London Review of Books
In Chocolate Islands: Cocoa, Slavery, and Colonial Africa, Catherine Higgs traces the early-twentieth-century journey of the Englishman Joseph Burtt to the Portuguese colony of São Tomé and Príncipe—the chocolate islands—through Angola and Mozambique, and finally to British Southern Africa. Burtt had been hired by the chocolate firm Cadbury Brothers Limited to determine if the cocoa it was buying from the islands had been harvested by slave laborers forcibly recruited from Angola, an allegation that became one of the grand scandals of the early colonial era. Burtt spent six months on São Tomé and Príncipe and a year in Angola. His five-month march across Angola in 1906 took him from innocence and credulity to outrage and activism and ultimately helped change labor recruiting practices in colonial Africa.
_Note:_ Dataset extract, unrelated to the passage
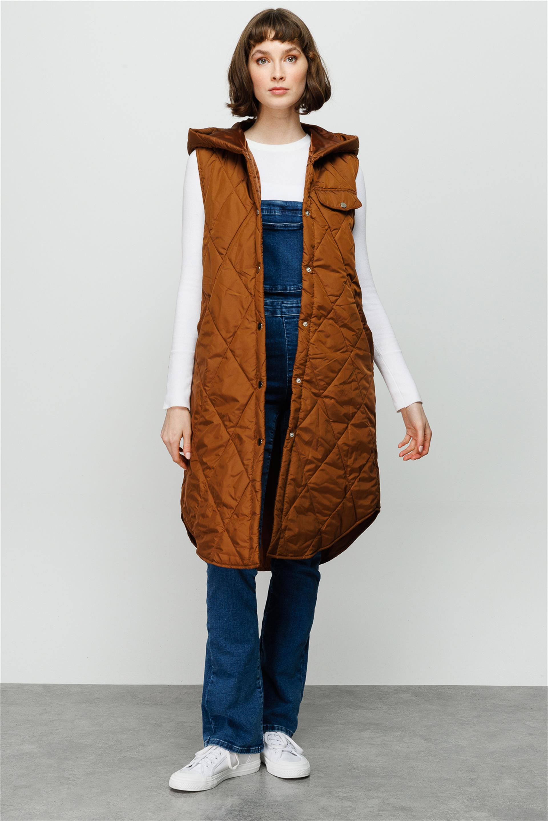 X Desen İşleme Kapitoneli Baharlık Yelek-Fındık

This beautifully written and engaging travel narrative draws on collections in Portugal, the United Kingdom, and Africa to explore British and Portuguese attitudes toward work, slavery, race, and imperialism. In a story still familiar a century after Burtt’s sojourn, Chocolate Islands reveals the idealism, naivety, and racism that shaped attitudes toward Africa, even among those who sought to improve the conditions of its workers.
Catherine Higgs is a professor of history at the University of Tennessee, Knoxville. She is the author of The Ghost of Equality: The Public Lives of D.D.T. Jabavu of South Africa, 1885–1959, and coeditor of Stepping Forward: Black Women in Africa and the Americas, both published by Ohio University Press.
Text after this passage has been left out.